One afternoon over the course of the Italian Grand Prix weekend I was sitting with a couple of colleagues in the McLaren motorhome, finishing up lunch. I'm a notoriously slow eater, and often end up having the final mouthfuls on my own as others rush off to interviews or deadlines.
That day, as I sat alone in the Brand Centre, an older couple asked if they could share my table for their own lunches. Immersed in whatever deep thoughts I was having at the time, I said yes without applying my brain to the faces before me. When I did look up and engage, it was clear that my breakfast companion was none other the Maria Teresa de Filippis, the first female F1 driver, and her husband Theo Huschek.
At the time I was the F1 correspondent for girlracer, a website devoted to promoting women in motorsport. Maria Teresa was a woman of both personal and professional interest, and I would have been an idiot to pass up the opportunity to speak to her, no matter how crippling my typically British social embarrassment over engaging people who have yet to be formally introduced.
So I took a deep breath, reminded myself that I was a grown-up with a job to do and not a squealing fangirl, and introduced myself to my new breakfast buddies. My Italian is basic at best, and on a par with Maria Teresa's English, so it fell to her husband Theo to translate our conversation.

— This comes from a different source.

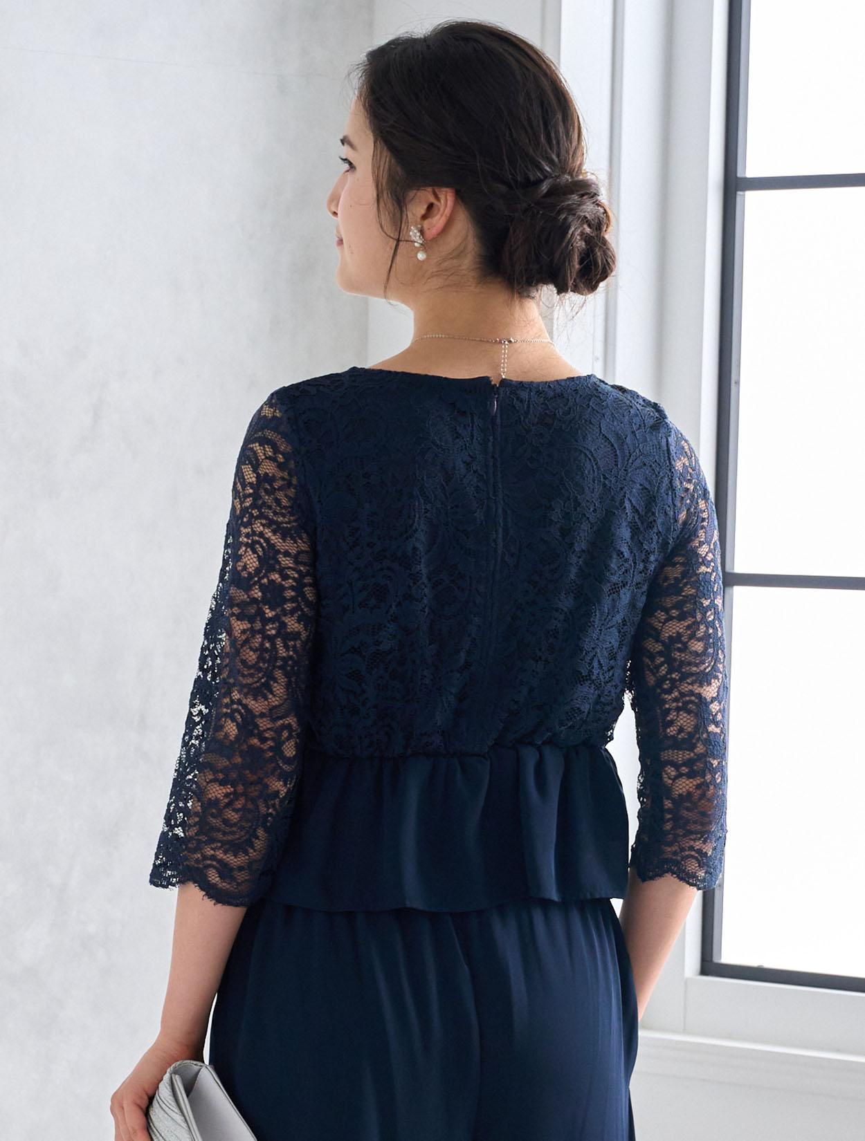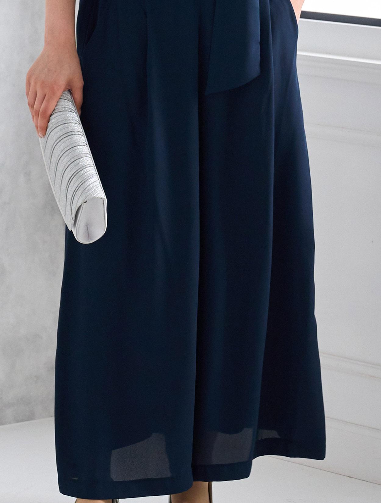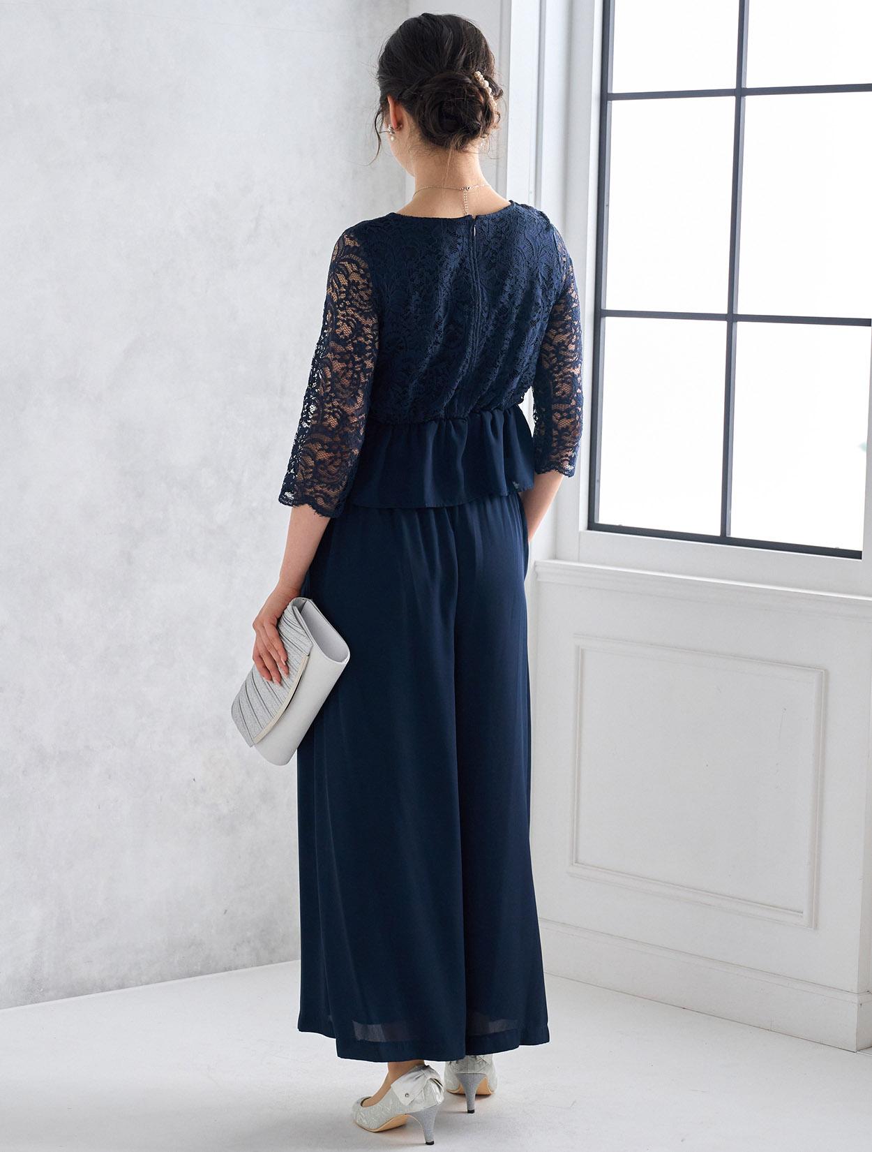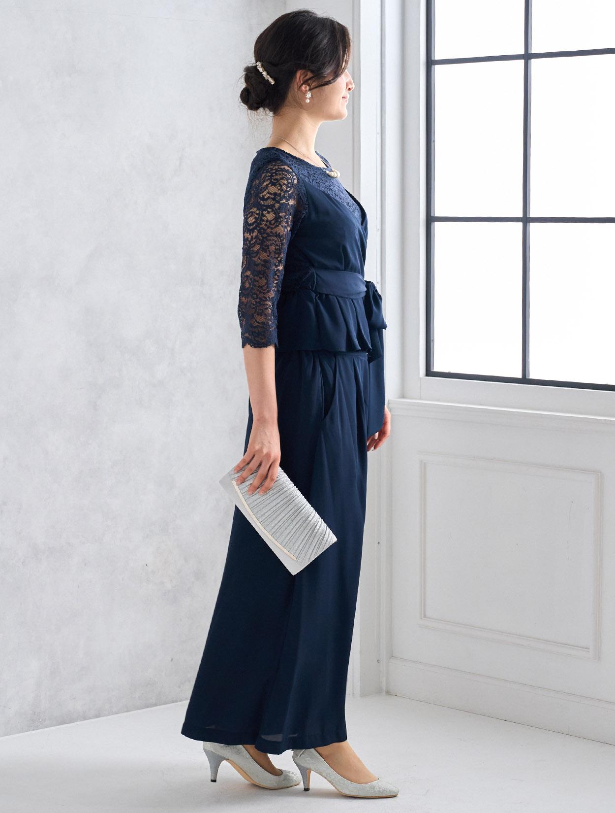 ブラウスとパンツが分かれたセパレートタイプのパンツドレス。上下で共布なのでフォーマル感もあります。ブラウスはカシュクールデザインで、ウエストでキュッと縛るリボンは可愛すぎることなく華やかです。お袖部分はきれいなレースの柄が映えますが、デコルテ部分のレースには裏地が付いているので程よく露出をおさえてくれます。ワイドパンツのボトムスは、一見スカートの様にも見えドレッシーな雰囲気をプラス。脚のラインを拾わないのも嬉しいポイントです。ウエストは背中部分がゴム仕様で締め付け感なく着られます。

However awkward a multi-lingual conversation conducted in translation, there are some subjects that transcend language itself. In F1, names like Juan-Manuel Fangio and Jean Behra can comfortably cross any language barrier, and it was Maria Teresa's reminiscences of learning the F1 ropes under the watchful eyes of her colleagues that went on to form the underpinnings of the interview we did later that day.
For a newbie journalist who was still introducing herself to the same team principals week in and week out, simply to have five minutes with the woman who had shared grids with legends we still speak of in bated breath was like having all of my Christmases come in at once.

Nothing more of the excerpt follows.